Juniper routers exposed to attack

Networking company Juniper Networks is encouraging customers to upgrade their routers to fix a serious vulnerability in its operating system.

Juniper's M- and T-Series routers are affected by the flaw in the version 6 series of Junos, which makes them vulnerable to denial-of-service attacks. Such an attack could allow a hacker to gain access to the router and crucial areas of a company's network.

Juniper confirmed the existence of the security hole in Junos on Monday.

"It is being fixed, in that our customers are upgrading, but I'm not able to give any more details," said Penny Still, a spokeswoman for Juniper.

According to security research firm Secunia, the vulnerability has "moderately critical" implications for networks. In an advisory posted to its Web site, the Danish company said that the flaw was in an unspecified error in processing certain network packets. It recommended that companies upgrade the operating systems on their routers.
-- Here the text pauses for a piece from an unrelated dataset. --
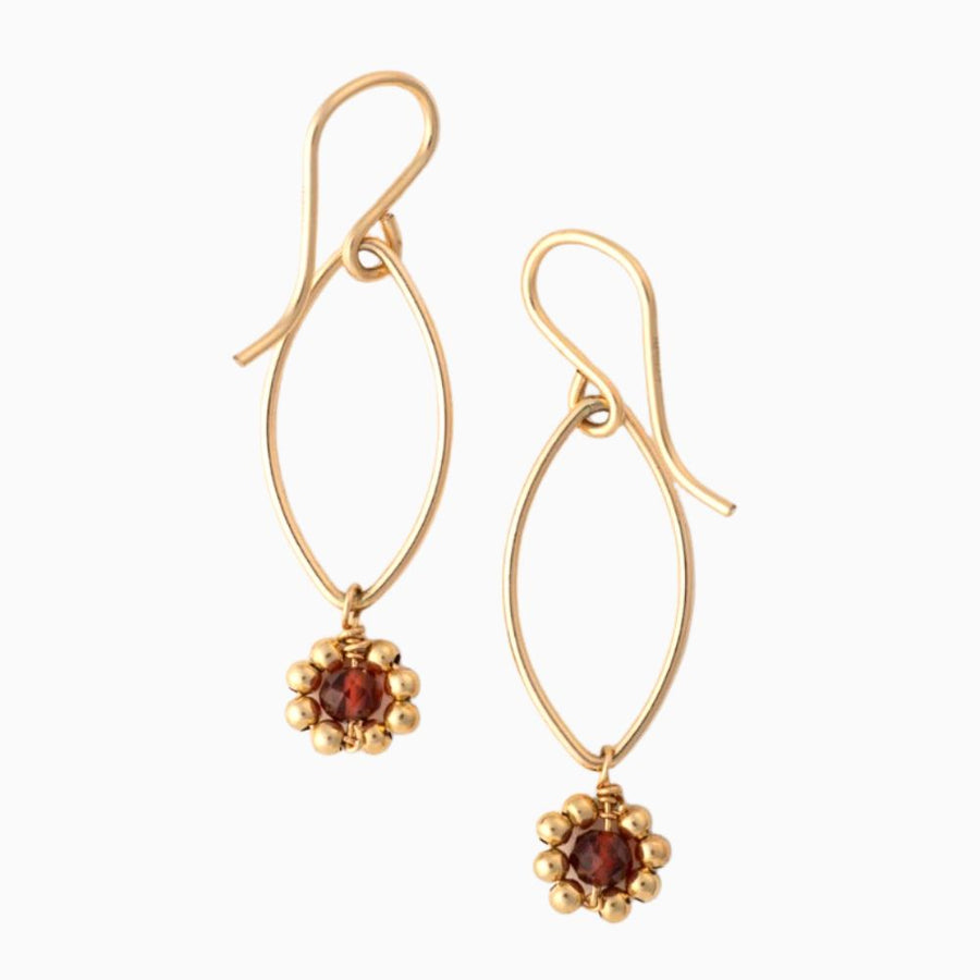 A touch of sophistication to your look with the Garnet Flower Earrings, featuring beautiful wire-wrapped garnet gemstones.
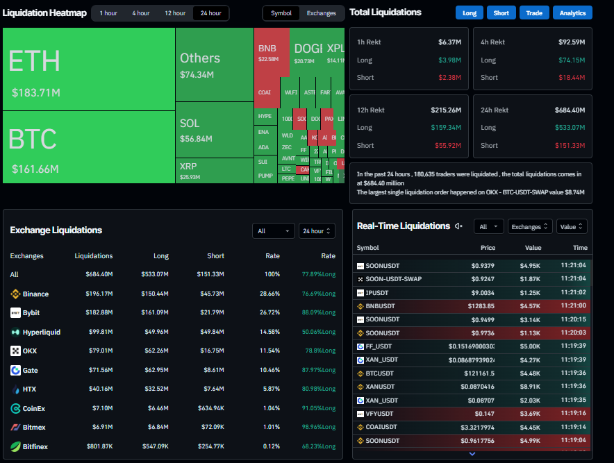 • CoinGlass data show that over $680 million in leveraged positions were wiped out across crypto markets in the past 24 hours.

The vulnerability is thought to affect routers running versions of Junos installed before Jan. 7 this year. It was discovered by U.S. company Qwest Communications.

The Juniper warning comes after Cisco Systems sent out two alerts of security holes in its router software. On Jan. 21, the networking giant posted a warning on its Web site to say routers connected to its IP telephony gear could be vulnerable to denial-of-service attacks. Then last week, Cisco announced it had uncovered three more security flaws in its routing software that could open the door to the same kind of intruder.

Dan Ilett of ZDNet UK reported from London.